─── Data in this exercise

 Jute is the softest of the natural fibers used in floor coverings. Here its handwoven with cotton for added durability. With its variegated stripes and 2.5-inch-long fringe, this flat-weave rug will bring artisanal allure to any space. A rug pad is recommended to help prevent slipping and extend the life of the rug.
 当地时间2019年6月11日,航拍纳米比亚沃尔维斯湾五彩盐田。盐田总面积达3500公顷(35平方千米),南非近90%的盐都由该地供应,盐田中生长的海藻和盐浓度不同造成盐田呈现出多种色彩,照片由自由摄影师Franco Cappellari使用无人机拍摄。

──────
─── Data in this exercise

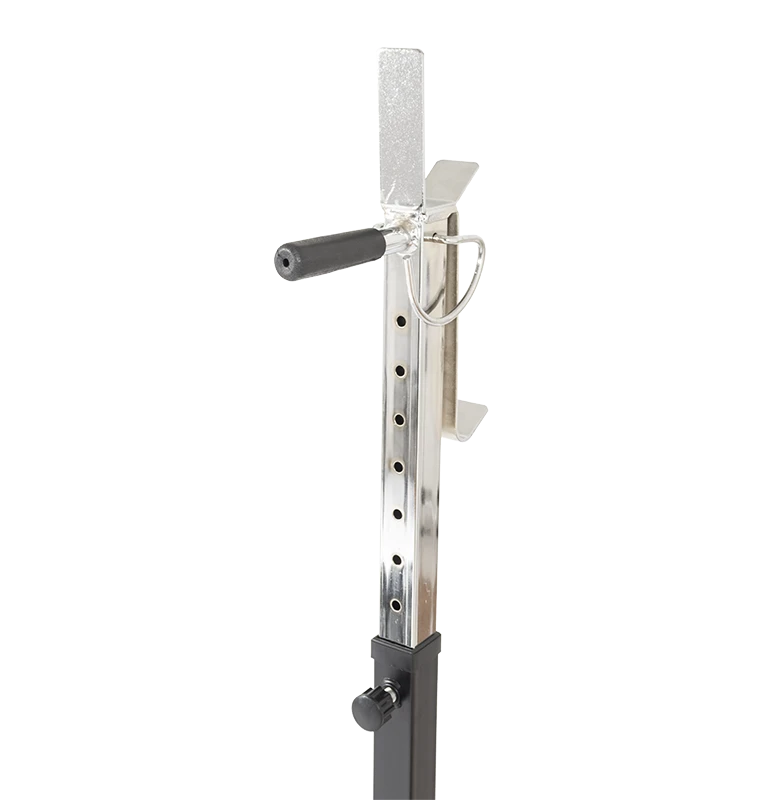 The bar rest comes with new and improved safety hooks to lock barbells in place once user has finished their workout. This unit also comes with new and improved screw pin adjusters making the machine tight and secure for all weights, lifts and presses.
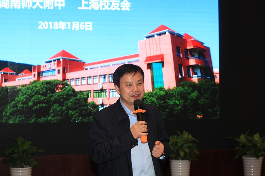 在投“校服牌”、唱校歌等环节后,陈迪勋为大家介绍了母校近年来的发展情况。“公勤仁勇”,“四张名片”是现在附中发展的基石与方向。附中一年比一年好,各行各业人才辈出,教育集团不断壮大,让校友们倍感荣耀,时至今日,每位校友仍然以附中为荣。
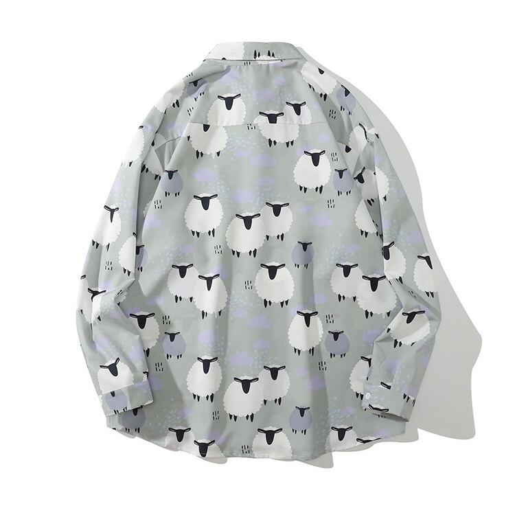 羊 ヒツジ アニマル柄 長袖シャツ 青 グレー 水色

──────

→ **What is required**:
Set down word for word the lines above from the one with "The bar rest" up to and including the one with "羊 ヒツジ アニマル柄 長袖シャツ 青 グレー 水色". Omit every picture.

→ **Answer for this exercise**:
 The bar rest comes with new and improved safety hooks to lock barbells in place once user has finished their workout. This unit also comes with new and improved screw pin adjusters making the machine tight and secure for all weights, lifts and presses.
 在投“校服牌”、唱校歌等环节后,陈迪勋为大家介绍了母校近年来的发展情况。“公勤仁勇”,“四张名片”是现在附中发展的基石与方向。附中一年比一年好,各行各业人才辈出,教育集团不断壮大,让校友们倍感荣耀,时至今日,每位校友仍然以附中为荣。
 羊 ヒツジ アニマル柄 長袖シャツ 青 グレー 水色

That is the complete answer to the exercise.